El camino al éxito en el mundo del café rara vez es una línea recta. De hecho, las mejores historias suelen empezar de las formas más inesperadas. En nuestra bolsa de trabajo, vemos a diario cómo personas que comienzan con poco más que curiosidad terminan liderando equipos o abriendo sus propios negocios.
¿Qué define el «éxito» en este rubro? No siempre es ser el dueño. Éxito es encontrar una vocación, desarrollar una habilidad artesanal y crecer profesionalmente en un ambiente dinámico.
El camino del aprendizaje constante
Tomemos el ejemplo de muchos Head Baristas actuales. Muchos empezaron como «runners» (llevando platos a la mesa) o bacheros (lavando vajilla). Su primer contacto con la máquina de espresso fue quizás en un momento de calma, bajo la supervisión de un compañero experimentado.

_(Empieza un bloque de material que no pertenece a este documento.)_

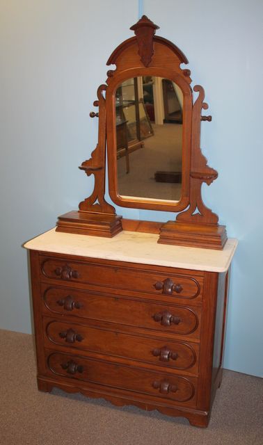 Victorian Walnut and Chestnut Marble Top Dresser, with unique wood carved pulls, glove boxes; 39" w., 18 1/2" d., 76" h. Victorian Walnut and Chestnut Marble Top Dresser, with unique wood carved pulls, glove boxes; 39" w., 18 1/2" d., 76" h.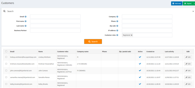 * Select the customer you want to place a test order for from your customer list: * [https://yourURLhere.focuspointsap.com/Admin/Customer/List](https://yourURLhere.focuspointsap.com/Admin/Customer/List) -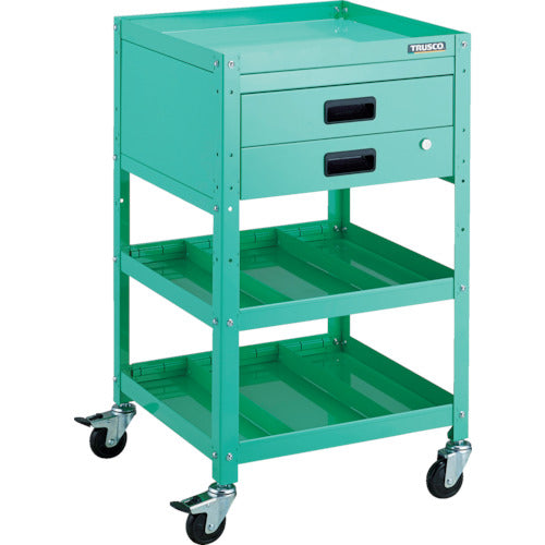 TRUSCO ツールワゴン ラビットワゴン 500X500 引出2段 仕切2段付 ヤンググリーン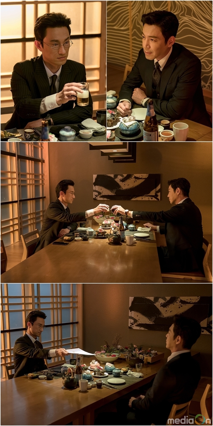 먼저 잔을 들고 건배를 제의하는 선민식에 이재준도 술잔을 들고 맞부딪치는 장면에서는 끊어졌던 두 사람의 검은 커넥션이 다시 가동됐음을 짐작케 한다. 특히 마지막 사진에서 선민식이 이재준을 향해 내민 서류에는 과연 어떤 내용이 적혀있을지 호기심을 자극하고 있다.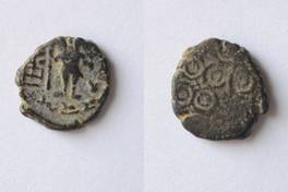 | Description / विवरण | On the obverse Shiva standing with spear in right hand and kamandal in left, on his right side tree in railing and a line of makar below. On the reverse two orbed Ujjayani symbol is depicted. |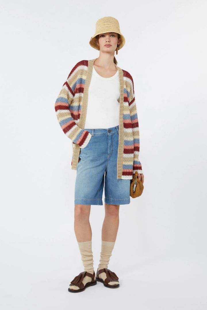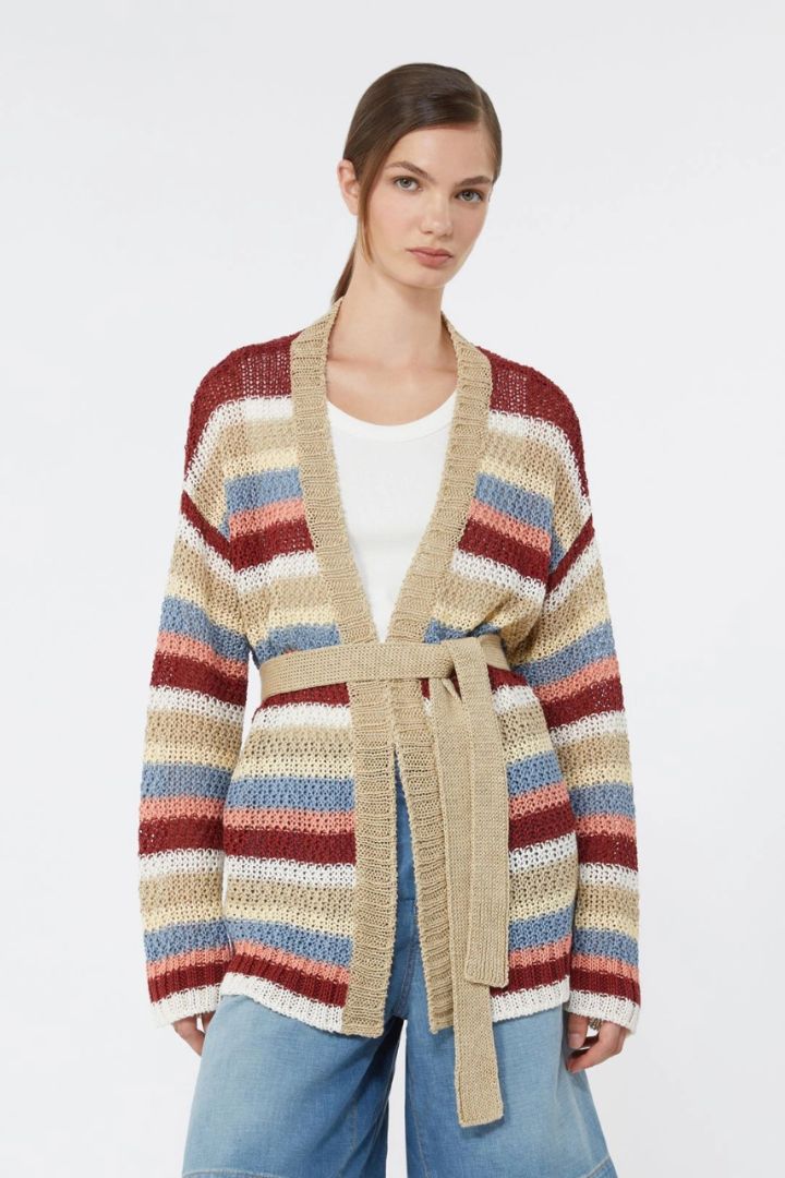 Cardigan dalla linea a vestaglia, rifinito da una lavorazione a punto riso.

La clave de su ascenso no fue tener un talento innato para el latte art, sino una combinación de humildad para aprender, proactividad y pasión. La industria del café premia a los curiosos: aquellos que preguntan por qué un café sabe más ácido hoy, cómo afecta la temperatura de la leche o de dónde viene el grano de la semana.
Más allá de la barra
Las historias de éxito también incluyen a quienes descubrieron que su talento estaba en la gestión. Un buen barista puede convertirse en un excelente encargado de local si desarrolla habilidades de liderazgo, control de stock y manejo de personal. Otros descubren una pasión por la enseñanza y se convierten en formadores para nuevas generaciones.
En cafetrabajo.com, celebramos estas trayectorias. Queremos inspirarte a ver que ese puesto inicial en una cafetería puede ser el primer capítulo de una carrera apasionante. Si tienes la actitud correcta, el techo lo pones tú.